To check your free space, enter your XOA and run xoa check to check free system space and df -h to check free space on your chosen remote storage.

# Error: no VMs match this pattern

This is happening when you have a smart backup job that doesn't match any VMs. For example: you created a job to backup all running VMs. If no VMs are running on backup schedule, you'll have this message. This could also happen if you lost connection with your pool master (the VMs aren't visible anymore from Xen Orchestra).

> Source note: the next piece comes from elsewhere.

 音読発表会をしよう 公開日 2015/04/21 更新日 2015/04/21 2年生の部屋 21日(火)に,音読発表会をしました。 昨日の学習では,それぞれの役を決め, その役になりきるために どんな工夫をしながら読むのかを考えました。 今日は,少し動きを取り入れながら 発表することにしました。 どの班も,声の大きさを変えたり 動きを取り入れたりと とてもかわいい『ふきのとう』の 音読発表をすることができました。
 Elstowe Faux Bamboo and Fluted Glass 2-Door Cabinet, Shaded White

Edit your job and try to see matching VMs or check if your pool is connected to XOA.

# Error: SR_OPERATION_NOT_SUPPORTED

This error can be caused by leaving any removable device (such as USB storage) attached to the VM that you are backing up or snapshotting, detach the device and retry. This can also be caused if you created a VM disk using the RAW format (opens new window).

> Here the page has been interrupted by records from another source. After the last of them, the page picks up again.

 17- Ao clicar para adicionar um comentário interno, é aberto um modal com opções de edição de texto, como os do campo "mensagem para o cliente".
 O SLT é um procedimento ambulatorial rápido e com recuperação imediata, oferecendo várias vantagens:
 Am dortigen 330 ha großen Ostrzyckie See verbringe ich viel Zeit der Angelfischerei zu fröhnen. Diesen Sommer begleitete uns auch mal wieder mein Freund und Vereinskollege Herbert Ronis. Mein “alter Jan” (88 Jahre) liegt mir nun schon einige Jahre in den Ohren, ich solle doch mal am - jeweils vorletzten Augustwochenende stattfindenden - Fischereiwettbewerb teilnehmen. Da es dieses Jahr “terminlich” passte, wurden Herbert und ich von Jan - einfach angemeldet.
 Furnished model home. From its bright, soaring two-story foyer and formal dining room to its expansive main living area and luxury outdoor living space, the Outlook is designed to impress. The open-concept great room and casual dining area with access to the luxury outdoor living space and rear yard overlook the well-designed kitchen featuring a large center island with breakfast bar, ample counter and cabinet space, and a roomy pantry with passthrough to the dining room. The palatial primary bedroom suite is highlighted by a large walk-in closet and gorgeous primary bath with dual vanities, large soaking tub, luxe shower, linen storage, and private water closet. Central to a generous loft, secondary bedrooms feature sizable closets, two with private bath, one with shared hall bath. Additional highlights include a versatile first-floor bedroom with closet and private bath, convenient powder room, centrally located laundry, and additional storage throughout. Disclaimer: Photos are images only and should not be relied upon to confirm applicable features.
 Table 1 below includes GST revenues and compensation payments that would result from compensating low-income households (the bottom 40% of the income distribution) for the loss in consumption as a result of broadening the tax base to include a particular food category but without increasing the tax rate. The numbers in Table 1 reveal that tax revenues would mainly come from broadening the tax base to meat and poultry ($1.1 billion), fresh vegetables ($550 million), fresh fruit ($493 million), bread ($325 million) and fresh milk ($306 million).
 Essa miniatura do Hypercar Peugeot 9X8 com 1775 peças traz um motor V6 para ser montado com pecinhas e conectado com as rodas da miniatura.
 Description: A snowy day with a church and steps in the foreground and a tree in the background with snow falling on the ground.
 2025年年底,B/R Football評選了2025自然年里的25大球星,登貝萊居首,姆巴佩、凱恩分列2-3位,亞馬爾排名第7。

# Error: Lock file is already being held

This error message appears in the logs in some instances of a failed backup job. It means that the VM’s folder on the remote is already used by a process. This could be:

  • another backup job
  • a merge process on the Virtual Hard Disk (VHD)

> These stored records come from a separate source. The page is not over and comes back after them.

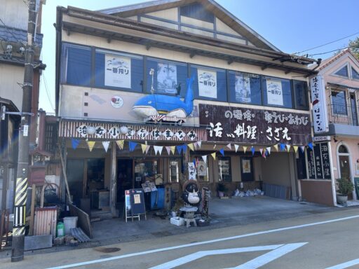 Googleマップだと「井村海鮮事務所」(ガレージの2階)、または隣の「ミキモト真珠島 駐車場」で近辺を検索できます。
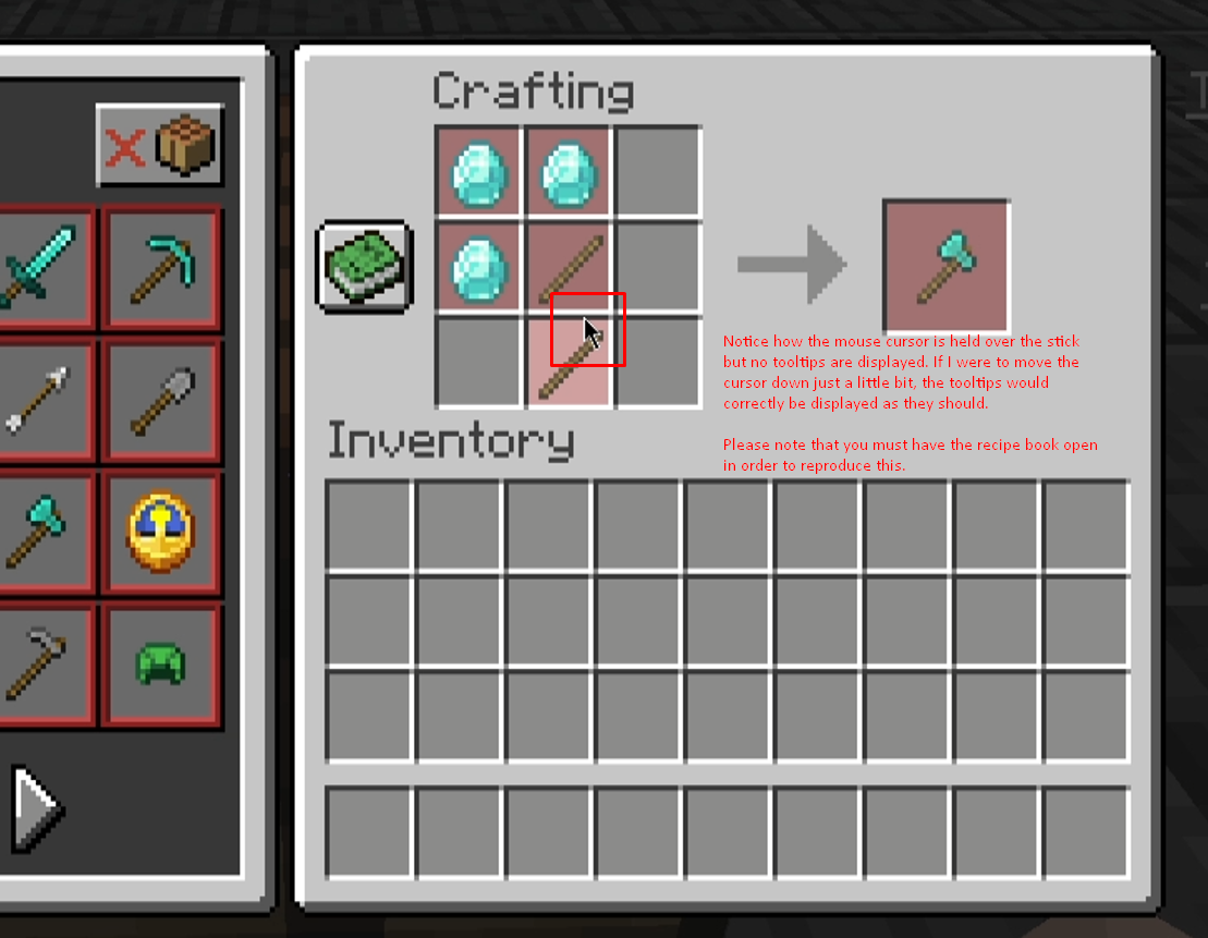 Recipe book previews do not have full size tooltip hitboxes.
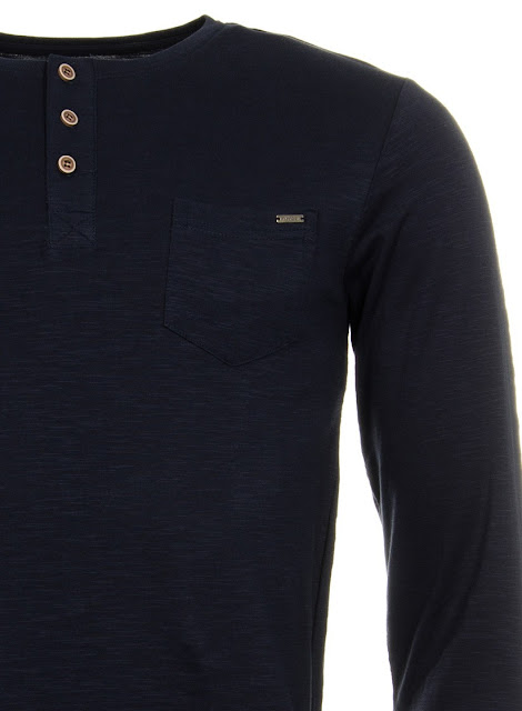 Camisola simples, azul escura, de manga comprida, com botões e um bolso.
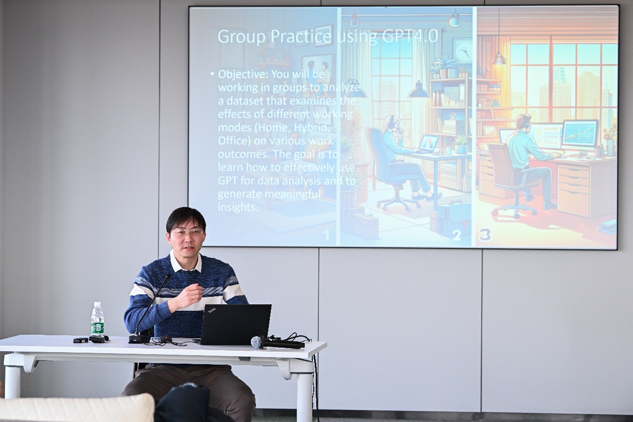 李宁以“人工智能在教学中的应用”为题,分享教学过程中融合人工智能的相关探索。他以一门基于“数据驱动的组织管理”理念的核心课程为例,分享了人工智能在教学全流程中的应用。李宁提出,以ChatGPT为代表的生成式人工智能主要有两方面的作用:一是为老师教学工作赋能,拓宽教学工具箱和教学方式;二是为学生赋能,在一些有挑战、研究导向、强调创新的课程中发挥很大作用。举例来说,这门强调“数据驱动的组织管理”的课程是在企业数字化转型之后通过对数据有效的分析,从中找到管理的洞见,帮助管理者进行决策,因而也对学生的概念性能力和数理分析能力提出较高要求。生成式人工智能的出现,降低了数据分析的门槛,不同背景的学生掌握这项技能的可行性获得极大提高,在市场上的人才竞争力增强。李宁表示,人工智能在教学前可以协助教师梳理教学内容、准备材料、制定评分标准,提高备课效率,有利于教学设计和逻辑的优化打磨。他以案例的重新开发、统计工具关键词梳理、知识点讲解优化等几个教学实例,分析了人工智能对教学方式的赋能作用;在教学中,人工智能可以协助学生搭建整体框架、掌握背后的底层逻辑,运用工具完成复杂的分析,激发学生对培养能力目标的再思考,实现更高要求的学习,同时与人工智能之间的互动可以将课堂上被动接收知识变为主动学习,按照教师提供的关键词进一步自主探索,实现对知识点深入把握。李宁表示,对人工智能评估学生作业应持谨慎态度,但依据目前对人工智能评估部分创造性任务的科学性、准确性的研究结果,未来很有可能实现相对短小的任务由老师和人工智能双评打分,在评分更加公平的同时也让成绩更有区分度。

To solve this issue, we recommend that you:

  • wait until the other backup job is completed/the merge process is done
  • make sure your remote storage is not being overworked

# Error: HTTP connection has timed out

This error occurs when XO tries to fetch data from a host, via the HTTP GET method. This error essentially means that the host (dom0 specifically) isn't responding anymore, after we asked it to expose the disk to be exported. This could be a symptom of having an overloaded dom0 that couldn't respond fast enough. It can also be caused by dom0 having trouble attaching the disk in question to expose it for fetching via HTTP, or just not having enough resources to answer our GET request.

WARNING

As a temporary workaround you can increase the timeout higher than the default value, to allow the host more time to respond. But you will need to eventually diagnose the root cause of the slow host response or else you risk the issue returning.

Create the following file:

/etc/xo-server/config.httpInactivityTimeout.toml

Add the following lines:

# XOA Support - Work-around HTTP timeout issue during backups
[xapiOptions]
httpInactivityTimeout = 1800000 # 30 mins

# Error: Expected values to be strictly equal

This error occurs at the end of the transfer. XO checks the exported VM disk integrity, to ensure it's a valid VHD file (we check the VHD header as well as the footer of the received file). This error means the header and footage did not match, so the file is incomplete (likely the export from dom0 failed at some point and we only received a partial HD/VM disk).

# Error: the job is already running

This means the same job is still running, typically from the last scheduled run. This happens when you have a backup job scheduled too often. It can also occur if you have a long timeout configured for the job, and a slow VM export or slow transfer to your remote. In either case, you need to adjust your backup schedule to allow time for the job to finish or timeout before the next scheduled run. We consider this an error to ensure you'll be notified that the planned schedule won't run this time because the previous one isn't finished.

# Error: VDI_IO_ERROR

This error comes directly from your host/dom0, and not XO. Essentially, XO asked the host to expose a VM disk to export via HTTP (as usual), XO managed to make the HTTP GET connection, and even start the transfer. But then at some point the host couldn't read the VM disk any further, causing this error on the host side. This might happen if the VDI is corrupted on the storage, or if there's a race condition during snapshots. More rarely, this can also occur if your SR is just too slow to keep up with the export as well as live VM traffic.

# Error: no XAPI associated to

This message means that XO had a UUID of a VM to backup, but when the job ran it couldn't find any object matching it. This could be caused by the pool where this VM lived no longer being connected to XO. Double-check that the pool hosting the VM is currently connected under Settings > Servers. You can also search for the VM UUID in the Home > VMs search bar. If you can see it, run the backup job again and it will work. If you cannot, either the VM was removed or the pool is not connected.